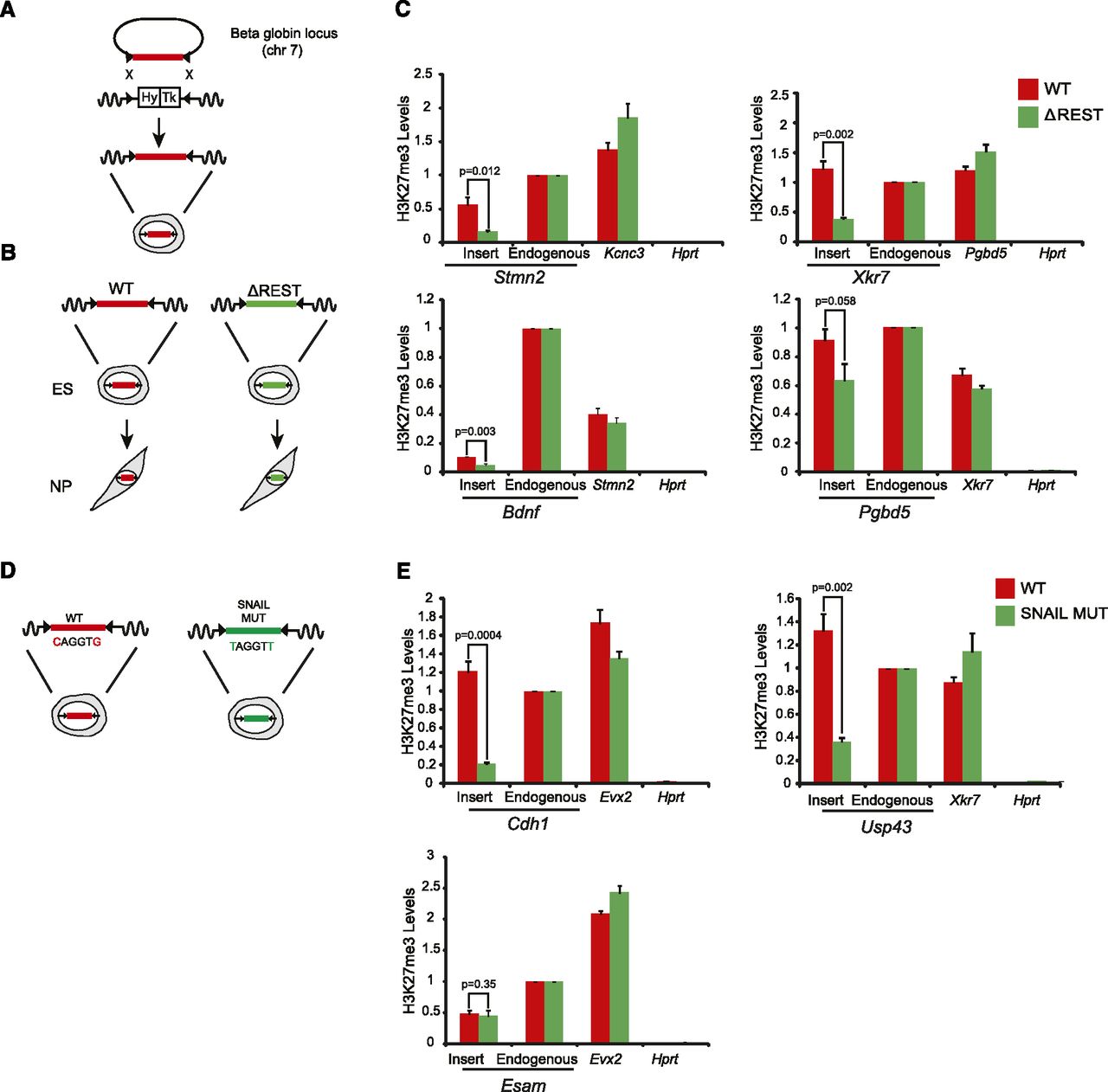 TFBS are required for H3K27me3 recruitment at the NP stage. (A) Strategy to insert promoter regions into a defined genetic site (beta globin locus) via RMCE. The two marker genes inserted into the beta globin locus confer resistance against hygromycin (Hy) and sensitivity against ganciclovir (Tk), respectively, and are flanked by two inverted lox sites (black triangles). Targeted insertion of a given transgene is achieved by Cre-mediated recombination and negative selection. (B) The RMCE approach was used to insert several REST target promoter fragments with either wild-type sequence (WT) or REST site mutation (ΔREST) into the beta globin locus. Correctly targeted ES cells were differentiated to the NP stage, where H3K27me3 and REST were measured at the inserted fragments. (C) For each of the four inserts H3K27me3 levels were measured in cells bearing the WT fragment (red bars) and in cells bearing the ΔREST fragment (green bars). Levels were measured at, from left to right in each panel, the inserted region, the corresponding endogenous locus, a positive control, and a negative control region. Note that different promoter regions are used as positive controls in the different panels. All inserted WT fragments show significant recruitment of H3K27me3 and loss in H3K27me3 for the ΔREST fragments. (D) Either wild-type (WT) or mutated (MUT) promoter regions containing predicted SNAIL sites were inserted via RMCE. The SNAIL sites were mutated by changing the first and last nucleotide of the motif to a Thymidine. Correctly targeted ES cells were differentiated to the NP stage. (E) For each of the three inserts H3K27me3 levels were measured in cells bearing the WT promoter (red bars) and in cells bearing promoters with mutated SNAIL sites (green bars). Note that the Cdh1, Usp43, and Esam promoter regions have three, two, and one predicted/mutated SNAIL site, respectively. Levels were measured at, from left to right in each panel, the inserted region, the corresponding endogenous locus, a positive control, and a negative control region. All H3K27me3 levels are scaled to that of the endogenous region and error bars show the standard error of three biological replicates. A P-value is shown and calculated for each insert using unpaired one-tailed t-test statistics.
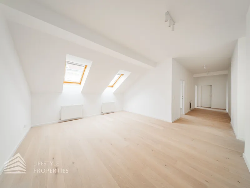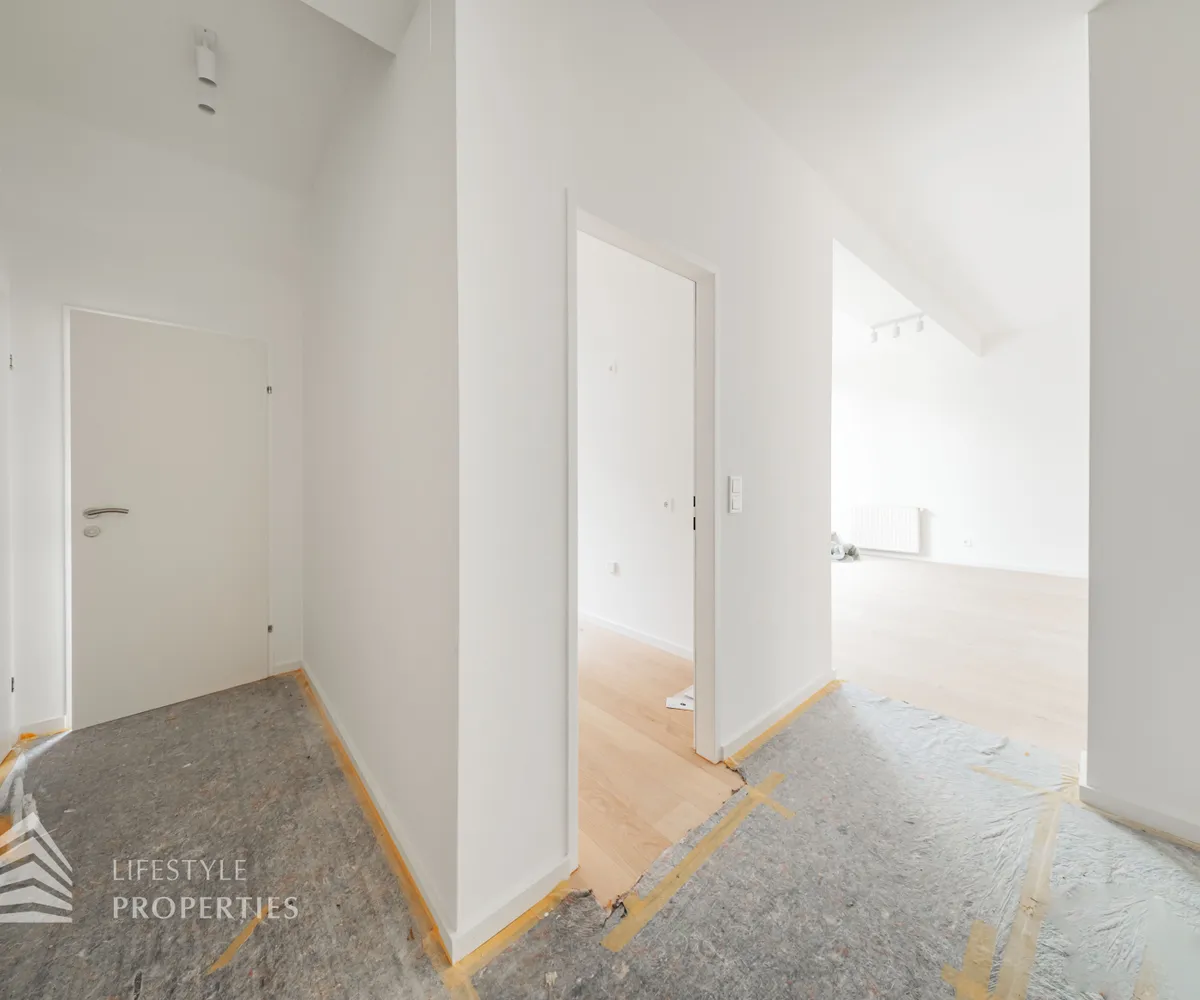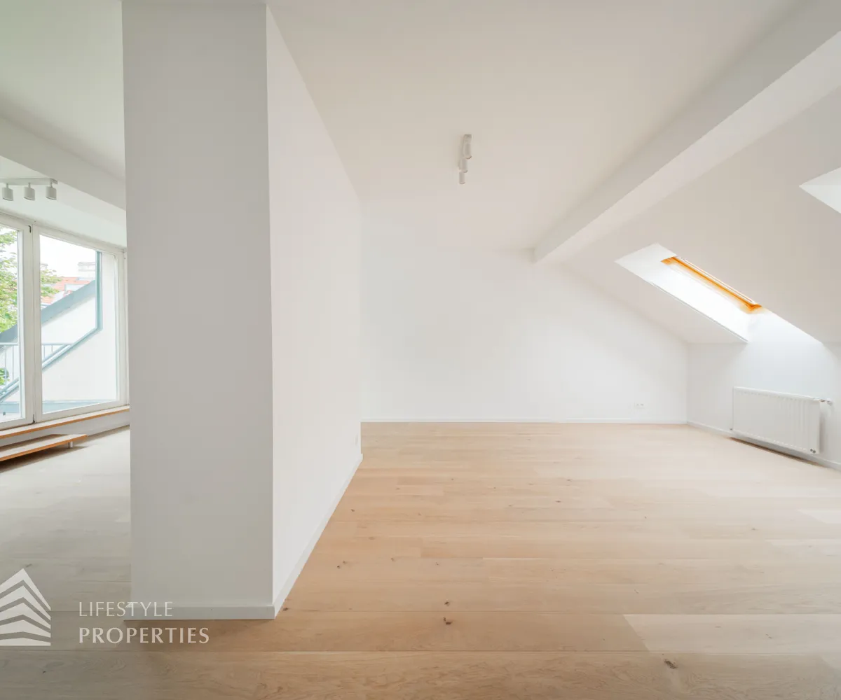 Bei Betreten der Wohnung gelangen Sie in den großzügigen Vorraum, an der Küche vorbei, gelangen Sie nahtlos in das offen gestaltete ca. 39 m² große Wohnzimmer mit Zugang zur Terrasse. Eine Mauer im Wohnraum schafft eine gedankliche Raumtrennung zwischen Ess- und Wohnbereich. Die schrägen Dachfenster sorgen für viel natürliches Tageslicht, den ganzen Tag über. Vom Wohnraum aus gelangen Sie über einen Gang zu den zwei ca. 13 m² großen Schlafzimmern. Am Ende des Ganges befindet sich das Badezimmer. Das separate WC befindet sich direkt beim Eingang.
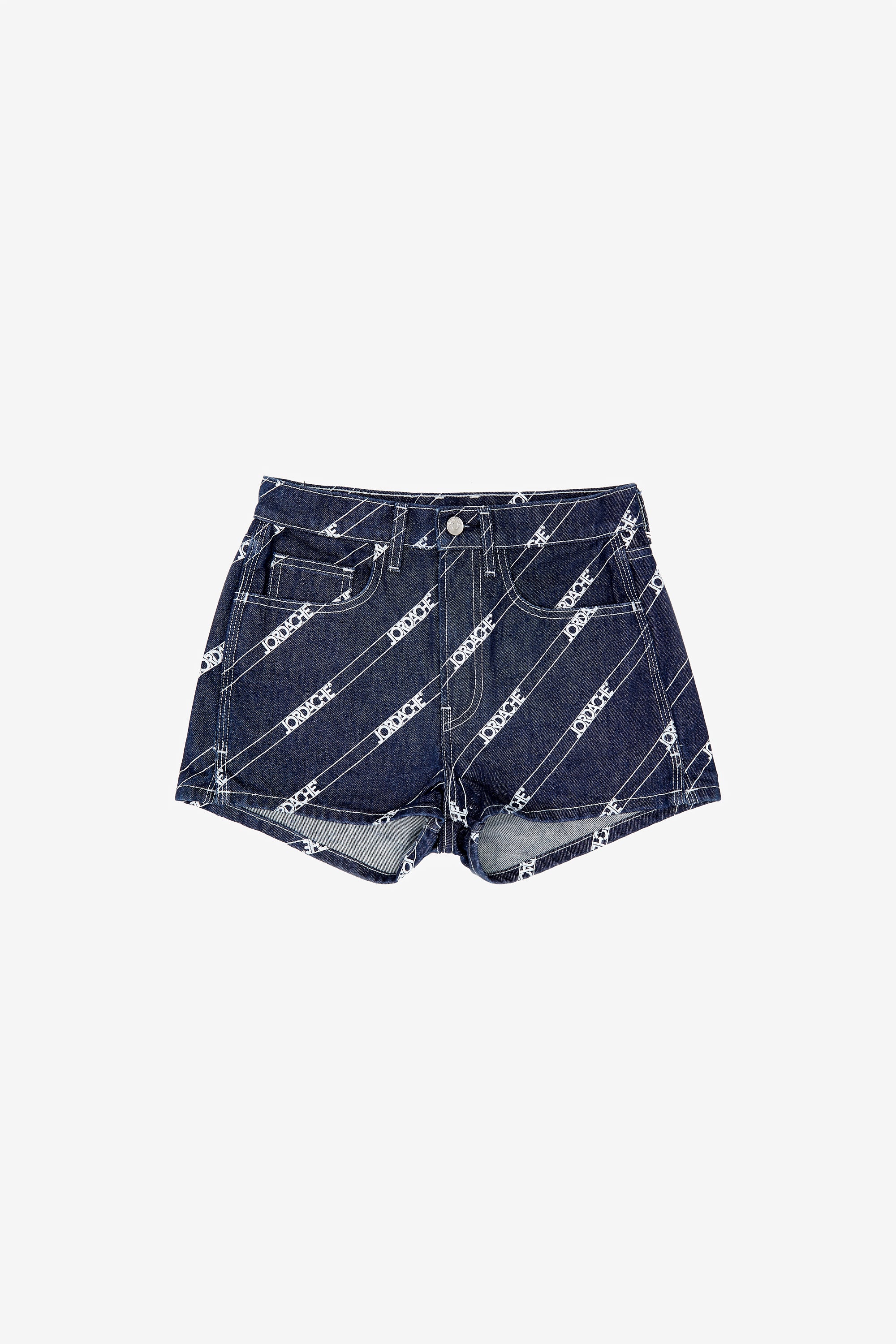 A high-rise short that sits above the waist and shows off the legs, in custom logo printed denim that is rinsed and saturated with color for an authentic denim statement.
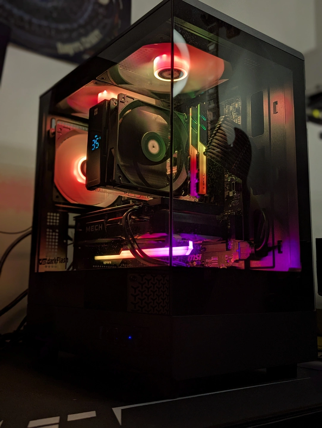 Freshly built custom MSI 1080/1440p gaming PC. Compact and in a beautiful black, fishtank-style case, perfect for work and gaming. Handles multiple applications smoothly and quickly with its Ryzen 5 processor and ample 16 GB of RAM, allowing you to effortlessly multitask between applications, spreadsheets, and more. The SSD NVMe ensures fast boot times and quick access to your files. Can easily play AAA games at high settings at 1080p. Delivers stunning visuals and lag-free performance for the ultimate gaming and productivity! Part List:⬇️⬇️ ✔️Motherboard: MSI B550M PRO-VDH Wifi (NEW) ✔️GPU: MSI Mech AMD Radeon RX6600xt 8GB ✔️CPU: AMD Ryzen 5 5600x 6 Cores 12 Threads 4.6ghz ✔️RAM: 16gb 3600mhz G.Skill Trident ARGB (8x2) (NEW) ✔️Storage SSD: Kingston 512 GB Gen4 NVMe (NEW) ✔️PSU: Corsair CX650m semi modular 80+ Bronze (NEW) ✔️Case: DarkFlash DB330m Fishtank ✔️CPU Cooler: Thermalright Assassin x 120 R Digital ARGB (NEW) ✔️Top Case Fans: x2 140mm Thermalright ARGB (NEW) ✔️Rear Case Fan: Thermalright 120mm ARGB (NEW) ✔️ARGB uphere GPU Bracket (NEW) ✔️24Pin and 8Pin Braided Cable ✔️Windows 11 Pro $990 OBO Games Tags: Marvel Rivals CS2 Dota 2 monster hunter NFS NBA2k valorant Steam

§ The task
Would you write out the material above in full, exactly as given, except for its pictures?

§ Answer box
 TFBS are required for H3K27me3 recruitment at the NP stage. (A) Strategy to insert promoter regions into a defined genetic site (beta globin locus) via RMCE. The two marker genes inserted into the beta globin locus confer resistance against hygromycin (Hy) and sensitivity against ganciclovir (Tk), respectively, and are flanked by two inverted lox sites (black triangles). Targeted insertion of a given transgene is achieved by Cre-mediated recombination and negative selection. (B) The RMCE approach was used to insert several REST target promoter fragments with either wild-type sequence (WT) or REST site mutation (ΔREST) into the beta globin locus. Correctly targeted ES cells were differentiated to the NP stage, where H3K27me3 and REST were measured at the inserted fragments. (C) For each of the four inserts H3K27me3 levels were measured in cells bearing the WT fragment (red bars) and in cells bearing the ΔREST fragment (green bars). Levels were measured at, from left to right in each panel, the inserted region, the corresponding endogenous locus, a positive control, and a negative control region. Note that different promoter regions are used as positive controls in the different panels. All inserted WT fragments show significant recruitment of H3K27me3 and loss in H3K27me3 for the ΔREST fragments. (D) Either wild-type (WT) or mutated (MUT) promoter regions containing predicted SNAIL sites were inserted via RMCE. The SNAIL sites were mutated by changing the first and last nucleotide of the motif to a Thymidine. Correctly targeted ES cells were differentiated to the NP stage. (E) For each of the three inserts H3K27me3 levels were measured in cells bearing the WT promoter (red bars) and in cells bearing promoters with mutated SNAIL sites (green bars). Note that the Cdh1, Usp43, and Esam promoter regions have three, two, and one predicted/mutated SNAIL site, respectively. Levels were measured at, from left to right in each panel, the inserted region, the corresponding endogenous locus, a positive control, and a negative control region. All H3K27me3 levels are scaled to that of the endogenous region and error bars show the standard error of three biological replicates. A P-value is shown and calculated for each insert using unpaired one-tailed t-test statistics.
 Bei Betreten der Wohnung gelangen Sie in den großzügigen Vorraum, an der Küche vorbei, gelangen Sie nahtlos in das offen gestaltete ca. 39 m² große Wohnzimmer mit Zugang zur Terrasse. Eine Mauer im Wohnraum schafft eine gedankliche Raumtrennung zwischen Ess- und Wohnbereich. Die schrägen Dachfenster sorgen für viel natürliches Tageslicht, den ganzen Tag über. Vom Wohnraum aus gelangen Sie über einen Gang zu den zwei ca. 13 m² großen Schlafzimmern. Am Ende des Ganges befindet sich das Badezimmer. Das separate WC befindet sich direkt beim Eingang.
 A high-rise short that sits above the waist and shows off the legs, in custom logo printed denim that is rinsed and saturated with color for an authentic denim statement.
 Freshly built custom MSI 1080/1440p gaming PC. Compact and in a beautiful black, fishtank-style case, perfect for work and gaming. Handles multiple applications smoothly and quickly with its Ryzen 5 processor and ample 16 GB of RAM, allowing you to effortlessly multitask between applications, spreadsheets, and more. The SSD NVMe ensures fast boot times and quick access to your files. Can easily play AAA games at high settings at 1080p. Delivers stunning visuals and lag-free performance for the ultimate gaming and productivity! Part List:⬇️⬇️ ✔️Motherboard: MSI B550M PRO-VDH Wifi (NEW) ✔️GPU: MSI Mech AMD Radeon RX6600xt 8GB ✔️CPU: AMD Ryzen 5 5600x 6 Cores 12 Threads 4.6ghz ✔️RAM: 16gb 3600mhz G.Skill Trident ARGB (8x2) (NEW) ✔️Storage SSD: Kingston 512 GB Gen4 NVMe (NEW) ✔️PSU: Corsair CX650m semi modular 80+ Bronze (NEW) ✔️Case: DarkFlash DB330m Fishtank ✔️CPU Cooler: Thermalright Assassin x 120 R Digital ARGB (NEW) ✔️Top Case Fans: x2 140mm Thermalright ARGB (NEW) ✔️Rear Case Fan: Thermalright 120mm ARGB (NEW) ✔️ARGB uphere GPU Bracket (NEW) ✔️24Pin and 8Pin Braided Cable ✔️Windows 11 Pro $990 OBO Games Tags: Marvel Rivals CS2 Dota 2 monster hunter NFS NBA2k valorant Steam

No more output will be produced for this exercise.